■ WHAT IS EXPECTED: The data below is to be retyped exactly, line by line.

Segment Start: AVAILABLE RECORDS

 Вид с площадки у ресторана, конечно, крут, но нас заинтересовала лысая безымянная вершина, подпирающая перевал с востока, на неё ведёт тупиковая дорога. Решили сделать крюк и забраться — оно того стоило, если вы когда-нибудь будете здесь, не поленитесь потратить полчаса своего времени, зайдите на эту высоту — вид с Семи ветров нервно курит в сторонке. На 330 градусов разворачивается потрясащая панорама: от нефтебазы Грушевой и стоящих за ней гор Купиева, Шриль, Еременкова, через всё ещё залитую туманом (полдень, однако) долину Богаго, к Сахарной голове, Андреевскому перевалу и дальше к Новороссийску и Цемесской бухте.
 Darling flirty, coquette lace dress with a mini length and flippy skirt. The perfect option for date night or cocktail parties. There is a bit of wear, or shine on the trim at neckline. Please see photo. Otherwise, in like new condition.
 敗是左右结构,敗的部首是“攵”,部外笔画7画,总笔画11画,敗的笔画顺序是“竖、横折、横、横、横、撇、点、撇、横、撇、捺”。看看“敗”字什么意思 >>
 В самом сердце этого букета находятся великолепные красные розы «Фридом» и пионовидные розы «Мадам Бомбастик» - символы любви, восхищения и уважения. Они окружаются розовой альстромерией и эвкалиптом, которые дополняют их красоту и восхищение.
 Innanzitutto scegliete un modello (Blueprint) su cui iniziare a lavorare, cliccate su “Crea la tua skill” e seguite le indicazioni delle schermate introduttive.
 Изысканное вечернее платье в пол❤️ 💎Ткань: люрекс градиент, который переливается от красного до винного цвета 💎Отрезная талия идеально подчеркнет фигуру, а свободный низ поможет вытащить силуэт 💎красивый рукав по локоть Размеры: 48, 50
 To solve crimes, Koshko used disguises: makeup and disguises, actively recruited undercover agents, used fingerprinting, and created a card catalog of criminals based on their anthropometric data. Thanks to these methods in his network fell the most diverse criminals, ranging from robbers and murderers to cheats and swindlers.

Segment End: AVAILABLE RECORDS

■ ANSWER BOX:
 Вид с площадки у ресторана, конечно, крут, но нас заинтересовала лысая безымянная вершина, подпирающая перевал с востока, на неё ведёт тупиковая дорога. Решили сделать крюк и забраться — оно того стоило, если вы когда-нибудь будете здесь, не поленитесь потратить полчаса своего времени, зайдите на эту высоту — вид с Семи ветров нервно курит в сторонке. На 330 градусов разворачивается потрясащая панорама: от нефтебазы Грушевой и стоящих за ней гор Купиева, Шриль, Еременкова, через всё ещё залитую туманом (полдень, однако) долину Богаго, к Сахарной голове, Андреевскому перевалу и дальше к Новороссийску и Цемесской бухте.
 Darling flirty, coquette lace dress with a mini length and flippy skirt. The perfect option for date night or cocktail parties. There is a bit of wear, or shine on the trim at neckline. Please see photo. Otherwise, in like new condition.
 敗是左右结构,敗的部首是“攵”,部外笔画7画,总笔画11画,敗的笔画顺序是“竖、横折、横、横、横、撇、点、撇、横、撇、捺”。看看“敗”字什么意思 >>
 В самом сердце этого букета находятся великолепные красные розы «Фридом» и пионовидные розы «Мадам Бомбастик» - символы любви, восхищения и уважения. Они окружаются розовой альстромерией и эвкалиптом, которые дополняют их красоту и восхищение.
 Innanzitutto scegliete un modello (Blueprint) su cui iniziare a lavorare, cliccate su “Crea la tua skill” e seguite le indicazioni delle schermate introduttive.
 Изысканное вечернее платье в пол❤️ 💎Ткань: люрекс градиент, который переливается от красного до винного цвета 💎Отрезная талия идеально подчеркнет фигуру, а свободный низ поможет вытащить силуэт 💎красивый рукав по локоть Размеры: 48, 50
 To solve crimes, Koshko used disguises: makeup and disguises, actively recruited undercover agents, used fingerprinting, and created a card catalog of criminals based on their anthropometric data. Thanks to these methods in his network fell the most diverse criminals, ranging from robbers and murderers to cheats and swindlers.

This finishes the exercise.